The school is divided into three wings: Junior School, Middle School and Senior School. The school campus is one of the largest in Shimla and features large accommodations and four playgrounds.

==History==
The Loreto Sisters came to Shimla in 1892 with a view to provide good quality education for girls in the hills. After purchasing the twin properties of Tara Hall and Bellevue, the sisters established themselves on the present site on 30.11.1895. Soon after, to cater to the needs of the underprivileged, St. Joseph's School was opened in the vicinity.

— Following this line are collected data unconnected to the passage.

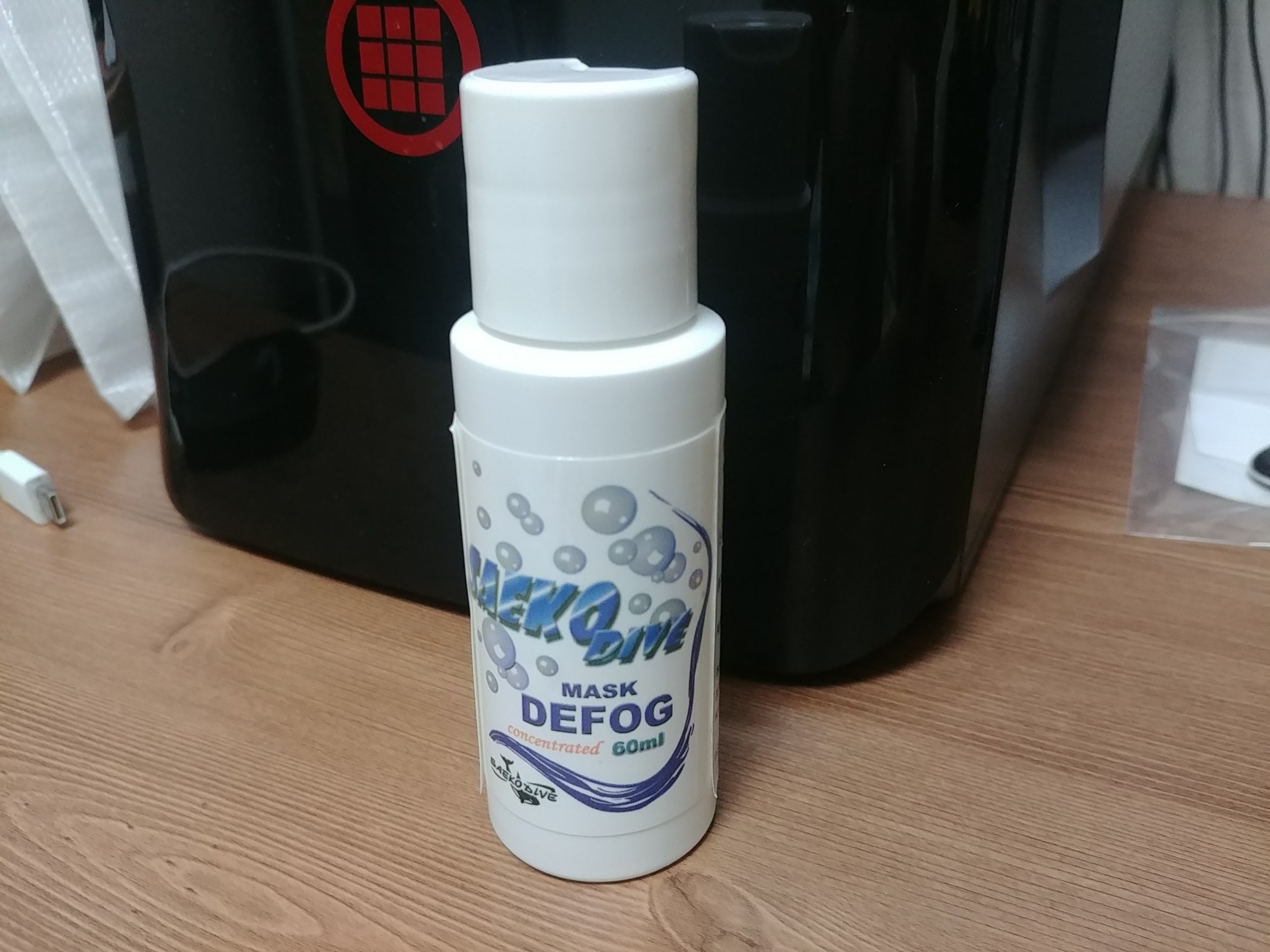 기존에 쓰던 제품은 37ml 였는데, 이 제품은 60ml 라서 좀 더 오래쓸 수 있을 것 같습니다. 대만제 제품이고요, 뚜껑 뒷부분을 누르면 액체가 나오는 구멍이 돌출되는 특이한 구조입니다. 다만, 동봉된 안전관련 안내문을 보면 눈에 들어갔을 때 대량의 물로 씻어내라는 문구가 있는데, 다이빙 마스크에 사용하는 제품치고는 좀 무서운 문구네요.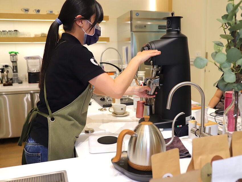 特別 跑到 吧台區,欣賞專業咖啡師 專注沖煮咖啡的過程~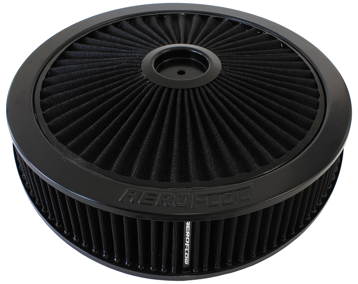 Stand out from the crowd with a magnificent looking Aeroflow air cleaner. These air cleaners are stamped from high quality steel. Available in many different great finishes and styles for that custom look you are after. Chrome-plated or black finish with reusable/washable or paper elements. Aeroflow air filter assemblies work with all popular standard 4150 (5-1/8″” / 130mm) carburettors and 4500 Dominator (7-5/16″” /186mm) carburettors. The 14″” (355.60mm) air filter assemblies come with a drop base that sits 1-1/8″” (28mm) below the carburettor.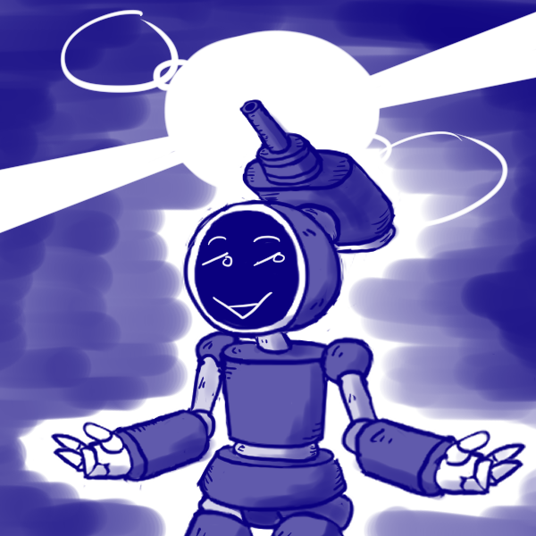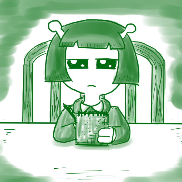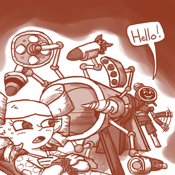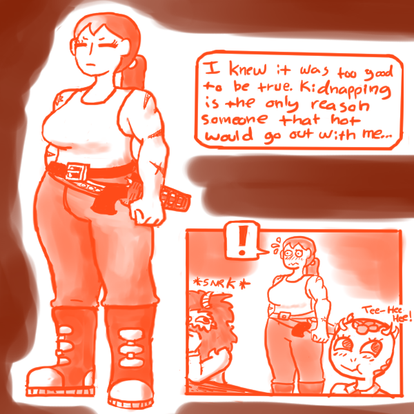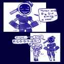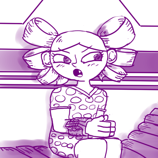"As for other human workers, I haven't met any. Big Girl if you can't halfies." The robot says shrugging.

In 1904, Tara Hall and St. Joseph's were amalgamated. In 1946, the Day School at Willows Bank on the Mall, known as Loreto Chalet Day was opened. Darbhanga House was procured from the Maharaja of Darbhanga in March 1964, where now the new School Building stands.

In 1913, the Cambridge Exams were introduced and in 1916 the school secured first place in Punjab in the High School Examination. In 1992, the School celebrated its centenary year.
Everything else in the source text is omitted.